Cloth of gold cone: visible pattern as a result
of a self-organizing process (Image: Wikipedia)
To avoid this misinterpretation, the term is sometimes replaced or augmented with spontaneous pattern emergence. But this creates a mental image of patterns in the reader's mind (like the cone displayed to the right). Other self-organizing processes like coherent laser light or clock synchronization create internal order, but no visible pattern.
Another problem is that you can change a system with external control to one without by redrawing the systems boundaries. So a bunch of workers being instructed by a foreman would not be perceived as self-organizing, but a construction cite with different teams, each one coming with a foreman, but otherwise loosely interacting might be seen as self-organizing (unless you model in the blueprints).
Gershenson and Heylighen proposed a nice way out of this dilemma by stating "self-organization is a way of observing systems, not an absolute class of systems". So depending if the self-organizing view is beneficial, you should model your system accordingly, otherwise not.
Another difficulty arises from the fact that self-organization roots in several disciplines, there are many notions and definitions from biology, chemistry, computer science, cybernetics, economics, mathematics, physics, and sociology. Most of these disciplines contribute one or more definitions on self-organization based on the discipline-specific terminology.
As shown by the following examples, there is no single brief but comprehensive definition for self-organization.
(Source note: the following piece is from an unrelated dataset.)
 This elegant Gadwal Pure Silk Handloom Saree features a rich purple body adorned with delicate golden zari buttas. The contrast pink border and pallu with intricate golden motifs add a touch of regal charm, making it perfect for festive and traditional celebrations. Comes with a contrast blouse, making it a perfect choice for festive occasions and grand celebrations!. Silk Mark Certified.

The following definitions may be useful though:

A self-organizing system (SOS) consists of a set of entities that obtains an emerging global system behavior via local interactions without centralized control.
(from Research Days'08, see [IWSOS:2008]))

Self-organization is the process where a structure or pattern appears in a system without a central authority or external element imposing it through planning. (Wikipedia)
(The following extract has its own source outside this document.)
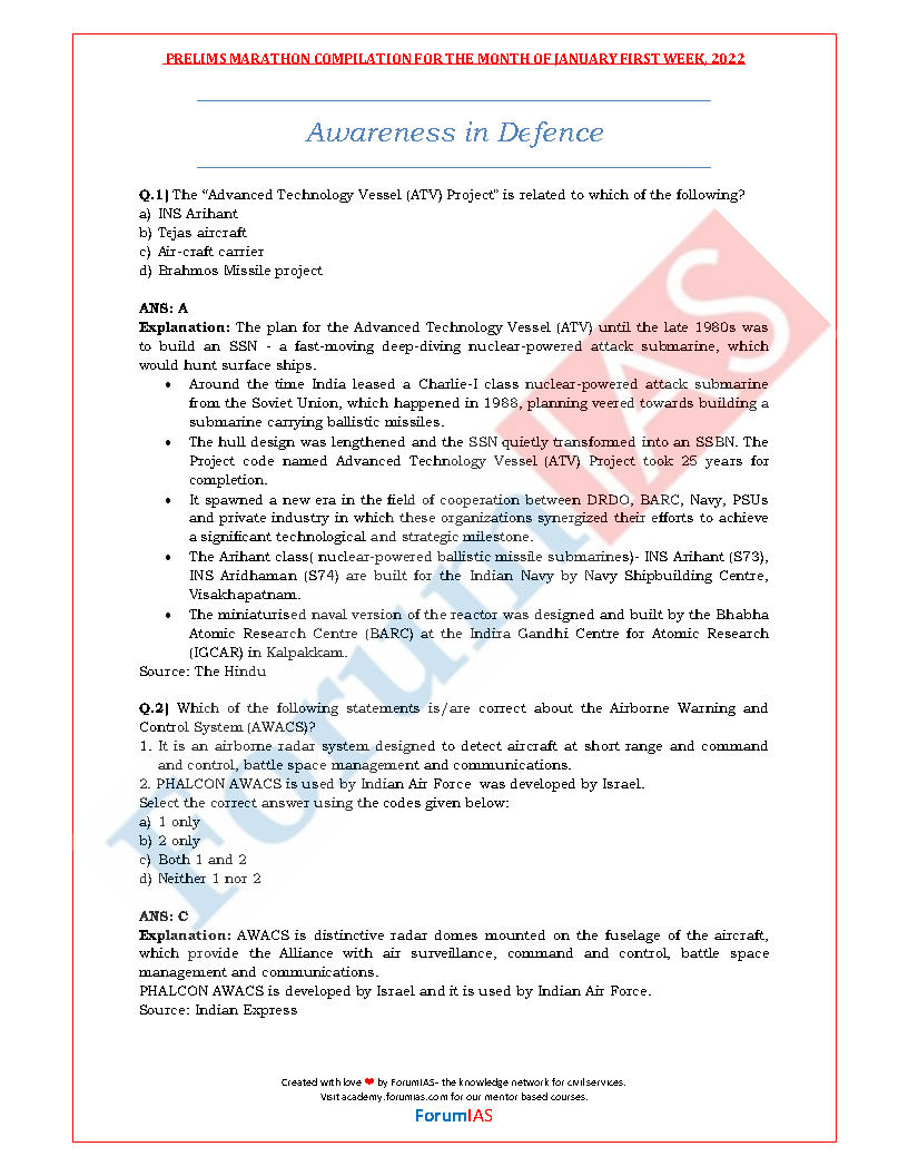 Forum Ias Prelims Marathon January 2022 English Medium Printed Notes

A self-organizing system is a system that changes its basic structure as a function of its experience and environment. (Farley and Clark 1954)
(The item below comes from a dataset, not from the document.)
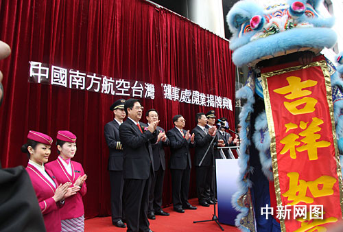 1月15日,大陸南方航空公司在臺(tái)北正式成立辦事處,成為首家在臺(tái)灣掛牌運(yùn)營(yíng)的大陸企業(yè)。圖為開業(yè)揭幕儀式典禮。中新社記者 陳立宇 攝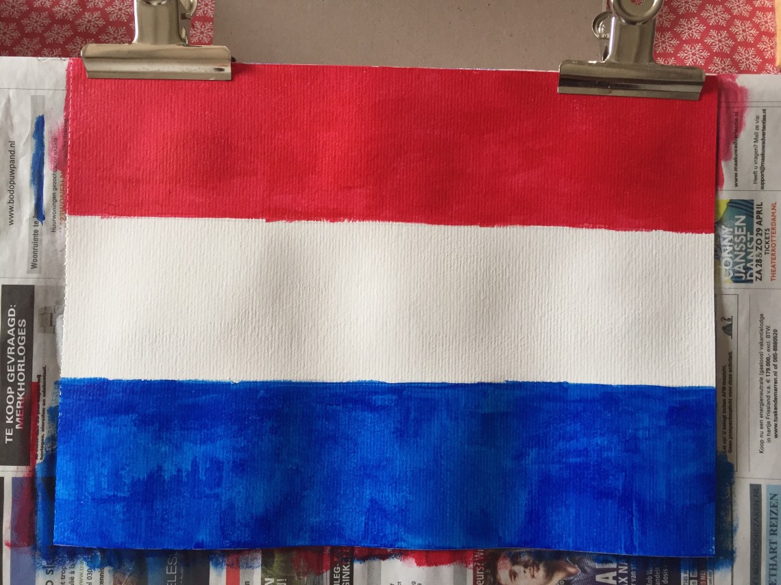 So I begin by painting the Dutch flag in red, white and blue acrylic paint and once dry apply a coat of white gesso for a cloudy effect. It’s also to make a basis for further paint layers.

Are they really refering to the same thing? So be warned, when a discussion heads towards the definition of self-organization!

Thursday, November 11, 2010

A self-organizing algorithm for video distribution networks

The way how users consume videos has changed with the availability of large repositories with a high number of more or less related videos. Many users are only interested in tiny fractions of a video and not even necessarily in the original temporal order. Moreover, they might wish to dynamically compose portions of di erent videos into one presentation.
For example, take a video recording of a ski-jumping competition. Some users might be interested in watching it sequentially. A trainer might be interested in studying the jumping-off technique of athletes in parallel. Another user might be interested in the performance of several jumpers from one country.
In order to keep up with this emergent access patterns, we invented a self-organizing video delivery network that is based on artificial hormones which are spread throughout the network when a particular video is requested. The hormone spreading is affected by the bandwidth and delay parameters of the network edges, thus indirectly help in searching for the (currently) best path to transmit a video.
The interactions between nodes like spreading/evaporating hormone or moving a video according to the neighbor with highest hormone gradient are all local within a node's neighborhood. Still, the system is able
to guide the overall transportation and placement of units in the system up to near optimum.

Friday, November 5, 2010

Mozart meets Darwin - Creating music by evolution

Mozart meets Darwin is a case study where we try to evolve a piece of music, a simple melody. To evolve something, we need a model of the canditates, a method to mutate a candidate (that is apply some random perturbations), a method to recombine two parent candidates into similar children canditates, and a way to assess the fitness of a result. Using the music notes as DNA, we came up with solutions for mutation and recombination. But the assessment of the quality cannot be done by the machine - that is where we need you to indicate which piece of music is better than the other.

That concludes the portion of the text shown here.